– О чем же, например, Фаддей Фаддеич? – спросил Савелий Фомич, сильно начавший подозревать своего друга в покушении заспорить или критиковать.
– Да хоть бы о дочке?
– Что же о ней думать, Фаддей Фаддеич?
– Извини меня, Савелий Фомич, а я тебе удивляюсь, я тебе просто удивляюсь. С некоторого времени ты стал непростительно беспечен. Я тебе это говорю не в укор, а по-дружески.
– Ну, что же дальше? – отвечал ему со своею улыбкою Савелий Фомич.
– «Что же дальше»! А позволь спросить, сколько лет дочке? Я не в укор тебе это говорю, ты пойми, – и Фаддей Фаддеич пронзительно посмотрел на своего друга.
– Скоро семнадцать.
– Семнадцать лет! Семнадцать лет, – говорил Фаддей Фаддеич таким тоном и с таким ударением на «семнадцать», как будто в этом числе заключалось нечто зловещее для всей вселенной, – и он еще спрашивает, что дальше? А вот, погоди; что будет дальше, тебе скажет не Фаддей Фаддеич, а Вальтер Скотт15, который из рук не выходит у Лизаветы Савельевны. Тогда ты и увидишь, что будет дальше…

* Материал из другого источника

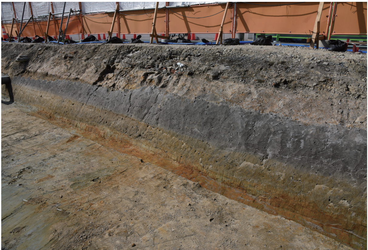
2. 2区東半北壁土層断面（南東から）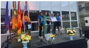
DEDICAÇÃO: reconhecimento pelo empenho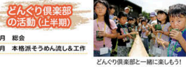
どんぐり倶楽部の活動(上半期) どんぐり倶楽部と一緒に楽しもう!

上野原縄文の森ボランティアグループ(愛称:どんぐり倶楽部)では、年間を通して様々な活動を行っています。土日・祝日は復元集落において、「上野原遺跡」についてのガイドをボランティアで行っています。秋まつり・春まつりでは、くん製肉・卵などの縄文料理や、どんぐりの粉を用いた名物「どんぐりうどん」を販売しています。いつも一期一会の気持ちでお客様とのふれあいを楽しんでいます。随時、会員を募集していますので、興味のある方は上野原縄文の森にお問い合わせください。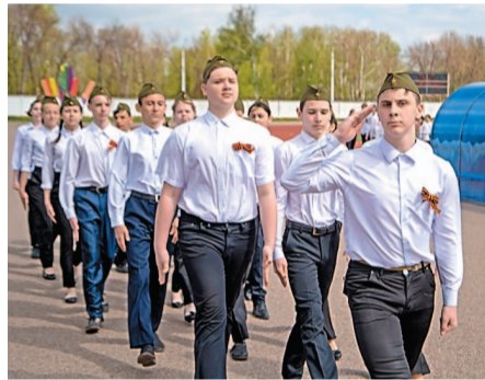
350 юных салаватцев соревновались в смотре строя и песни

7 мая на стадионе им. 50-летия Октября 18 команд, представляющих школы Салавата, демонстрировали навыки строевого марша, песни и чет-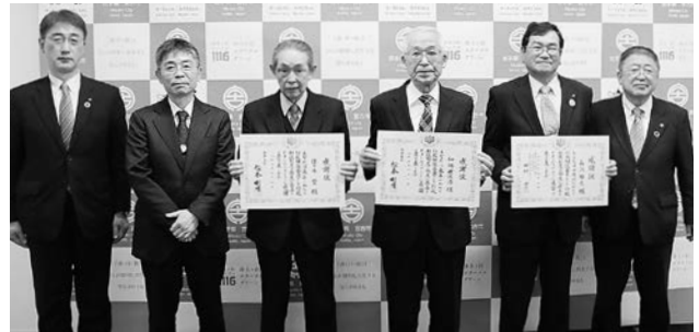
3人のご活躍に敬意を表します。お疲れ様でした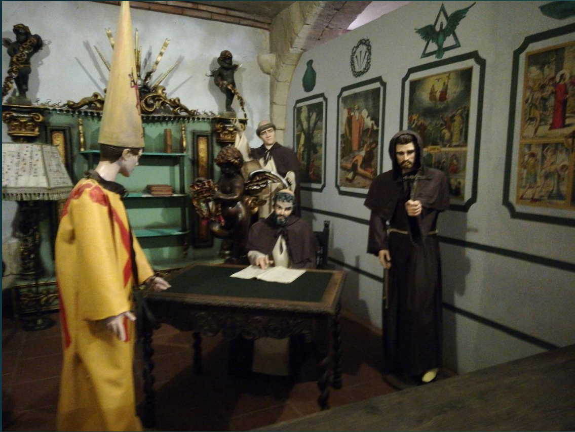
Inkwizycja stojąca na straży prawa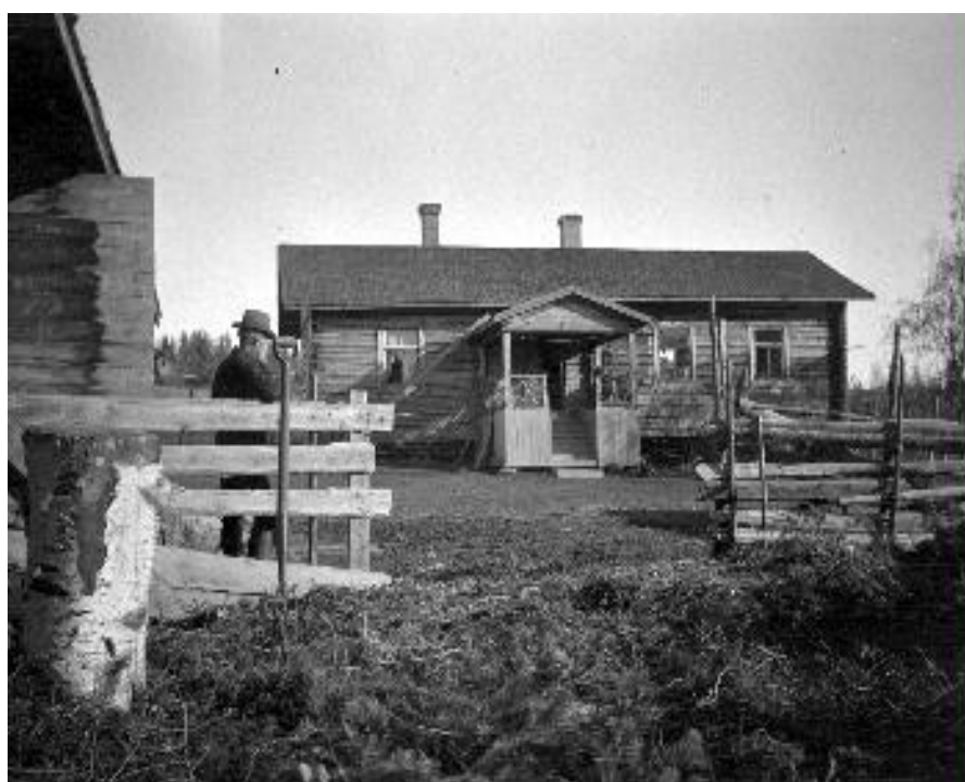
Kuva 3. Kuuslahden torppa Tampereelta vuonna 1910. 34

– Ну, чего не знаешь, о том ты и не говори, Фаддей Фаддеич! Это неосновательно. Вальтера Скотта ты не читал, сам ты этим хвастаешься, так нечего и упоминать о Вальтере Скотте…
– А ну его, Вальтера Скотта! Есть когда мне романы читать…

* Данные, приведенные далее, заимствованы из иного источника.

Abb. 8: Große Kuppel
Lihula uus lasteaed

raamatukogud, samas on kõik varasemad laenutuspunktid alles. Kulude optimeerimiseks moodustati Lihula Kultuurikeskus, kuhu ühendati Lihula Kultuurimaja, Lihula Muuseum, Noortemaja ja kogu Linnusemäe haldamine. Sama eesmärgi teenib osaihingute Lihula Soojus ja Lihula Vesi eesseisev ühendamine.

И семнадцать лет Лизаветы Савельевны чрезвычайно рисковали превратиться в Вальтера Скотта, а разговор кончиться литературною распрей, если б Фаддей Фаддеич посредством крутого поворота не навел разговора на прежнюю тему и не стал наиубедительнейшим образом доказывать Савелию Фомичу, что время ему подумать о дочке, то есть пристроить дочку. Доводы свои он даже подкрепил примерами из древней истории, которую он очень любил и ставил несравненно выше всякой литературы, потому, дескать, что это наука, а не пустячки какие-нибудь, не сказка, ради празднословия написанная.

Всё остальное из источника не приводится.